Marochnik et al. (1988, Science 242, 547–550) estimated that the angular momentum of the Oort cloud is between 5 × 1052 and 2 × 1053 g cm2 sec-1, two to three orders of magnitude greater than the total angular momentum of the planetary system. However, most of the angular momentum in the present-day Oort cloud is the result of the action of external perturbers over the history of the solar system. In addition, some Oort cloud parameters used by Marochnik et al. tend to be higher than current best estimates. It is shown that the total angular momentum of the current Oort cloud is likely between 6.0 × 1050 and 1.1 × 1051 g cm2 sec-1, and the original angular momentum was likely a factor of 5 less than that.

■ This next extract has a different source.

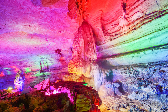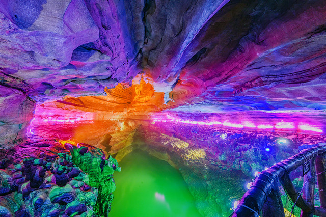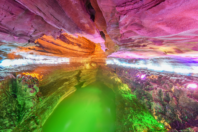 洞里面,历经亿万年的各种暗河千姿百态,精美绝伦的石笋,钟乳石随处可见。洞中跌宕起伏,洄潭密布,姿态万千。

Another non-zero estimate. Simply assuming zero angular momentum because the estimates are, well, fuzzy, is not logically justified. Why? All of the other objects [in however to define the limits of the solar system] have angular momentum. You could place an object like Deimos at 50,000 AU (one conservative estimate of the outer limits of the Oort Cloud.), then accelerate it. It would have a LOT of angular momentum. Move it out to 100K AU (another different estimate)
and even more angular momentum. I do not think that current technology would be able to "perceive" something like that. You may know. Which is why we get estimates that vary.

https://theplanets.org/deimos/

 

[alantheastronomer]

Yes, that lower estimate is from Weissman, but again, that's just a sum of individual values. No one's arguing that individual objects don't have non-zero angular momenta, or that the estimates are fuzzy and therefore don't exist; current observations don't seem to find any preferential direction for cometary orbits - there are just as many prograde orbits as retrograde. Which is why the Oort cloud hasn't settled into a disk, which is the question that began this thread. You're right, we can't observe comets out to the distance of the Oort cloud; they're much too dim. Estimates for their brightness put them at magnitude 60, while the brightness of the background sky is magnitude 27...

 

[Jonathan212]

So speaking generally about formations like the Oort cloud, the Kuiper belt, others that may exist elsewhere, or even smaller-scale ones like the rings of Saturn, why don't they all have zero total angular momentum?